> _Your goal_
Among the entries below, one line contains "Un camión volcó" and another contains "The provinces and". Transcribe those two lines and every line between them, exactly.
··· Data
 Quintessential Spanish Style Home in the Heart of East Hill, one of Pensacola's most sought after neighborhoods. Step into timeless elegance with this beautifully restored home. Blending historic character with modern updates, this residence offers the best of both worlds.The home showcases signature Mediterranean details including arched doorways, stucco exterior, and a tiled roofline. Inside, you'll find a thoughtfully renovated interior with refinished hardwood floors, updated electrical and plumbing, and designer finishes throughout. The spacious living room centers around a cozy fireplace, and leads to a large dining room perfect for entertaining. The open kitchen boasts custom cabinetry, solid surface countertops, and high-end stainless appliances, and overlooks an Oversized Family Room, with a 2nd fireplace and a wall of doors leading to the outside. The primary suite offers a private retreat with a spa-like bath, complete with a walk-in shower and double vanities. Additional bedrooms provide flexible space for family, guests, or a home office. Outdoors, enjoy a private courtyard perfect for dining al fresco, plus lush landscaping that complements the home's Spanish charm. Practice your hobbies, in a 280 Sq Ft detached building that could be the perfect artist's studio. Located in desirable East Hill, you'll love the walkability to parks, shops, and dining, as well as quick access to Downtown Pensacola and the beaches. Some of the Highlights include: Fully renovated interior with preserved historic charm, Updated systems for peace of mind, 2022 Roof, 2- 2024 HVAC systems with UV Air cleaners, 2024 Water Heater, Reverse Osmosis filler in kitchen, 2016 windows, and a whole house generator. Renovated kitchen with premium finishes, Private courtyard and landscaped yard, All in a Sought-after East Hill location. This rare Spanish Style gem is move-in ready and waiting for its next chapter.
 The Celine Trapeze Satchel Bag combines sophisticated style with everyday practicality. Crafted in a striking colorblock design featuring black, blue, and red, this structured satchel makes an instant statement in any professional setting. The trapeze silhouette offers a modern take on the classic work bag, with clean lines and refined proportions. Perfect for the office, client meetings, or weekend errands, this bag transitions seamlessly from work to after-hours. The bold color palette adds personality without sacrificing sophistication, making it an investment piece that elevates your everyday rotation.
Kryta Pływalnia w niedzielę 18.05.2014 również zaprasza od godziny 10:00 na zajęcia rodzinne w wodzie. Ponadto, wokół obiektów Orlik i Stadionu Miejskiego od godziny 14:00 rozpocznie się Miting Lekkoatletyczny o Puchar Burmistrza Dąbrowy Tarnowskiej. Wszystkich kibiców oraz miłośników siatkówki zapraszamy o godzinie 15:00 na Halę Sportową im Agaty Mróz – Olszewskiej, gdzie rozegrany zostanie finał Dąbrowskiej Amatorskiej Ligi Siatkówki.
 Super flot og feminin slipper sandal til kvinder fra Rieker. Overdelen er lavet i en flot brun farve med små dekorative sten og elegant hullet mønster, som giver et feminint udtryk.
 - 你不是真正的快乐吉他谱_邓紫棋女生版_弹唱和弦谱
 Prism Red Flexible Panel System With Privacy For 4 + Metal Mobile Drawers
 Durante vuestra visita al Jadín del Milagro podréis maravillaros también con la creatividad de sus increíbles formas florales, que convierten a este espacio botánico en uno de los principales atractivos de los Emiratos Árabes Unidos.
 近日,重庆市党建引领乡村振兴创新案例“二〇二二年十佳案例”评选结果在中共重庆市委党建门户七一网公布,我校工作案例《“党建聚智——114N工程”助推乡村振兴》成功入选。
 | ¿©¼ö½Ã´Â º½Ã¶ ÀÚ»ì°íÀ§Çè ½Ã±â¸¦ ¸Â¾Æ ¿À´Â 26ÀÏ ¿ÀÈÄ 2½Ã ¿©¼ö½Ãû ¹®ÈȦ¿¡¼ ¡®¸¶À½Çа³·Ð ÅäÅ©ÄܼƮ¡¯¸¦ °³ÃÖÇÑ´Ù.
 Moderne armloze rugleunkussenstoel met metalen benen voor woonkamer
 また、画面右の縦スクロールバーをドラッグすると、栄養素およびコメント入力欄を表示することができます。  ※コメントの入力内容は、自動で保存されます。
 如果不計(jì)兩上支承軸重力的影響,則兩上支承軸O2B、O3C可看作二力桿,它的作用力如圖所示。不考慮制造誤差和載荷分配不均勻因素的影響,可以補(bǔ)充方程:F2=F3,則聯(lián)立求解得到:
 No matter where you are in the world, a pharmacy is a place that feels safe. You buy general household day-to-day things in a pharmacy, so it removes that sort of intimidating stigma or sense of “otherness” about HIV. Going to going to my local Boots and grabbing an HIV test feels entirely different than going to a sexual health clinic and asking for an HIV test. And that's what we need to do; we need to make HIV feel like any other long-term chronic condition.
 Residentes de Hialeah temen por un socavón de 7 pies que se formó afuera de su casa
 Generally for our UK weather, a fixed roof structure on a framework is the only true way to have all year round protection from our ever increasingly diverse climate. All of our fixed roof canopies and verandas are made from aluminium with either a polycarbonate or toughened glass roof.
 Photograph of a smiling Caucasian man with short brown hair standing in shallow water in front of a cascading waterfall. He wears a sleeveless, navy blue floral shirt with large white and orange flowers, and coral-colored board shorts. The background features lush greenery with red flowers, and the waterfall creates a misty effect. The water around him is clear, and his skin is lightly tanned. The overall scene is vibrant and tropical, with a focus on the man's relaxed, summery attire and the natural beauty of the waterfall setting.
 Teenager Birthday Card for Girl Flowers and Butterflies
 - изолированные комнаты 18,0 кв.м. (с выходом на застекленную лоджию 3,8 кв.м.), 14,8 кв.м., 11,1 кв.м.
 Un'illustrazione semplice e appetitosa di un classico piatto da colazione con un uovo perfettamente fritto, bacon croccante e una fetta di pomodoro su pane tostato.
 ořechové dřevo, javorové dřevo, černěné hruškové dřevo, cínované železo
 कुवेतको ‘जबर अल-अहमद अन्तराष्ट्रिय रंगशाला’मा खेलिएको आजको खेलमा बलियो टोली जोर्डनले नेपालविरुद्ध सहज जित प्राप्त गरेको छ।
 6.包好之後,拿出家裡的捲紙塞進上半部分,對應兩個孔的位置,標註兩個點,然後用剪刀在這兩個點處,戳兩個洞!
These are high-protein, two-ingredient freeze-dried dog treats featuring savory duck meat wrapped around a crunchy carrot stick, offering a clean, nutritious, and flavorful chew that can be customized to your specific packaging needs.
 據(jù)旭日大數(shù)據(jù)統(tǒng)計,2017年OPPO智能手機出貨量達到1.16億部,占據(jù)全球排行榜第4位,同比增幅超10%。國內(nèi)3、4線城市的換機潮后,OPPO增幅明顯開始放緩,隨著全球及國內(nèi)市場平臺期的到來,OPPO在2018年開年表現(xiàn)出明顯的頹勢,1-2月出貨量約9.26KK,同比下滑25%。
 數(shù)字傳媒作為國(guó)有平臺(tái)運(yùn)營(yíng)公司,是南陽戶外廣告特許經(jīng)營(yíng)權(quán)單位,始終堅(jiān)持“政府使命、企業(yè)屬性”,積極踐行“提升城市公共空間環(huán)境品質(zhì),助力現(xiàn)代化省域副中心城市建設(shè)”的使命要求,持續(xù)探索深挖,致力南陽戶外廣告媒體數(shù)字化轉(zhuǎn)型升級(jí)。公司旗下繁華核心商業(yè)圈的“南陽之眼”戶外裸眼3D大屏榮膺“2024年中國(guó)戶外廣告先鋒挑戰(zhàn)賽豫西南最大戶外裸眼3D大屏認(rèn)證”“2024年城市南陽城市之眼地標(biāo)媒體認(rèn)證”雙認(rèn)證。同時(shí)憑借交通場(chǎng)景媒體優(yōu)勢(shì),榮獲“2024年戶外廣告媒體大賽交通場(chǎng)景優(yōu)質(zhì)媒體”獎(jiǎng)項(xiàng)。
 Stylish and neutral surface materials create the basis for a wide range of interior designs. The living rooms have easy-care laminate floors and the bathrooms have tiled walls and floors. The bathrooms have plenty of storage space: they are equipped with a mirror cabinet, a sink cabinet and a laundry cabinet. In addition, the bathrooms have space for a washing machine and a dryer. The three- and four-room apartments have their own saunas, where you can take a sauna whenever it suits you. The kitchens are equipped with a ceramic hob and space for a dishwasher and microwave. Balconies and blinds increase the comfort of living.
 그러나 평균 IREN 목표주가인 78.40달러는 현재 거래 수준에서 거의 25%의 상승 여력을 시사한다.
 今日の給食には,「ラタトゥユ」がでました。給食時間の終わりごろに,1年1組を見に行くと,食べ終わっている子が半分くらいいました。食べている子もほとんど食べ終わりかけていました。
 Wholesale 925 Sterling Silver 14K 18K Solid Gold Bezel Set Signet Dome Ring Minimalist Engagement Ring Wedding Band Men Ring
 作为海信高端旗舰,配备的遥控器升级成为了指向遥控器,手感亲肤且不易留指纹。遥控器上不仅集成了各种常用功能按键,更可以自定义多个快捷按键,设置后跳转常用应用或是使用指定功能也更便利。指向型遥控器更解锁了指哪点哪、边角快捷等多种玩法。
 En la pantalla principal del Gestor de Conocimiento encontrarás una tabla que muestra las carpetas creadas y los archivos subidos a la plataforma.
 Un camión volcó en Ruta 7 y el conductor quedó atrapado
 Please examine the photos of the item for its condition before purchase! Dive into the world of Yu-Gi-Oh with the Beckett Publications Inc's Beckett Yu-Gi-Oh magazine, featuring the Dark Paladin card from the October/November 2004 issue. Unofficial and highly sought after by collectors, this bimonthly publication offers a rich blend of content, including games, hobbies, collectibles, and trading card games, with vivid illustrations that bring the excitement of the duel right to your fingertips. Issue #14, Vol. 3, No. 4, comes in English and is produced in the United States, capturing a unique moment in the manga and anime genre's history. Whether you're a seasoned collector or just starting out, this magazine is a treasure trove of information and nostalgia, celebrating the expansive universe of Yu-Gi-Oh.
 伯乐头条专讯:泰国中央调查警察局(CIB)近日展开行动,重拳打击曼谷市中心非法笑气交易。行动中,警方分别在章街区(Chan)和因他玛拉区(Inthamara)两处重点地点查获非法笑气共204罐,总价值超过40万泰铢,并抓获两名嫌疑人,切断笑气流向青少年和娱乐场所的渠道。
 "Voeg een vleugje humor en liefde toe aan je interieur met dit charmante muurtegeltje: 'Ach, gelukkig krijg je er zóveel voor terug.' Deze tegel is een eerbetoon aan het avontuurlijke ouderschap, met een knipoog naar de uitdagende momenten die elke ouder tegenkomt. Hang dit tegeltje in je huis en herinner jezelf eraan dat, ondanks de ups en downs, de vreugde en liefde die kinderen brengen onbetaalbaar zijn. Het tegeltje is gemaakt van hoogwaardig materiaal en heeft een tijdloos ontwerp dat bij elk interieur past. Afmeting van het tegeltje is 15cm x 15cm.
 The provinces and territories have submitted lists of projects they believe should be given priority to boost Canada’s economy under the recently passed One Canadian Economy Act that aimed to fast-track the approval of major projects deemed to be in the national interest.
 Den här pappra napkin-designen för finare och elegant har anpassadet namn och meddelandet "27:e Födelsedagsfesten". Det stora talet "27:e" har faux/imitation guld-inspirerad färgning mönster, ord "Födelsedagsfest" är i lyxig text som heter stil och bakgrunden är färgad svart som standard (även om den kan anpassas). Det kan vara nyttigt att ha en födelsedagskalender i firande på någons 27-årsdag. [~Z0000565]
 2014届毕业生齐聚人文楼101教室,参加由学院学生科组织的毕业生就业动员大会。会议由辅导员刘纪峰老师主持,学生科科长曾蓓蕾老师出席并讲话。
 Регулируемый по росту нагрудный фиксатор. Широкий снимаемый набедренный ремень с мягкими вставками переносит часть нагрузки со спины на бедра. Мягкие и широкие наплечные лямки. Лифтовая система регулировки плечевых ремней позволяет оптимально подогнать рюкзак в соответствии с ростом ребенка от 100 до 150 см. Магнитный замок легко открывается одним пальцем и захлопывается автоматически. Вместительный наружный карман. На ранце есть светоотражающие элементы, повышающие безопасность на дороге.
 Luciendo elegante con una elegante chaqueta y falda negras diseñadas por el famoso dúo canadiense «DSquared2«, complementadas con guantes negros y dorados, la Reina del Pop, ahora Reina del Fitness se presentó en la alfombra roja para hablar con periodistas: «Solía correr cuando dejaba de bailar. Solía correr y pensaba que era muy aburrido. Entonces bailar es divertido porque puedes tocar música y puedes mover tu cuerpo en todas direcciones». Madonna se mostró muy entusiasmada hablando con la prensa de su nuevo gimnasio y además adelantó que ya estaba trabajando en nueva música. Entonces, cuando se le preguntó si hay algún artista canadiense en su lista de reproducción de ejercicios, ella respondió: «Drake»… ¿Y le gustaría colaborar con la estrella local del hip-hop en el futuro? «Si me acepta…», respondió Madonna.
······
> _Written solution_
 Un camión volcó en Ruta 7 y el conductor quedó atrapado
 Please examine the photos of the item for its condition before purchase! Dive into the world of Yu-Gi-Oh with the Beckett Publications Inc's Beckett Yu-Gi-Oh magazine, featuring the Dark Paladin card from the October/November 2004 issue. Unofficial and highly sought after by collectors, this bimonthly publication offers a rich blend of content, including games, hobbies, collectibles, and trading card games, with vivid illustrations that bring the excitement of the duel right to your fingertips. Issue #14, Vol. 3, No. 4, comes in English and is produced in the United States, capturing a unique moment in the manga and anime genre's history. Whether you're a seasoned collector or just starting out, this magazine is a treasure trove of information and nostalgia, celebrating the expansive universe of Yu-Gi-Oh.
 伯乐头条专讯:泰国中央调查警察局(CIB)近日展开行动,重拳打击曼谷市中心非法笑气交易。行动中,警方分别在章街区(Chan)和因他玛拉区(Inthamara)两处重点地点查获非法笑气共204罐,总价值超过40万泰铢,并抓获两名嫌疑人,切断笑气流向青少年和娱乐场所的渠道。
 "Voeg een vleugje humor en liefde toe aan je interieur met dit charmante muurtegeltje: 'Ach, gelukkig krijg je er zóveel voor terug.' Deze tegel is een eerbetoon aan het avontuurlijke ouderschap, met een knipoog naar de uitdagende momenten die elke ouder tegenkomt. Hang dit tegeltje in je huis en herinner jezelf eraan dat, ondanks de ups en downs, de vreugde en liefde die kinderen brengen onbetaalbaar zijn. Het tegeltje is gemaakt van hoogwaardig materiaal en heeft een tijdloos ontwerp dat bij elk interieur past. Afmeting van het tegeltje is 15cm x 15cm.
 The provinces and territories have submitted lists of projects they believe should be given priority to boost Canada’s economy under the recently passed One Canadian Economy Act that aimed to fast-track the approval of major projects deemed to be in the national interest.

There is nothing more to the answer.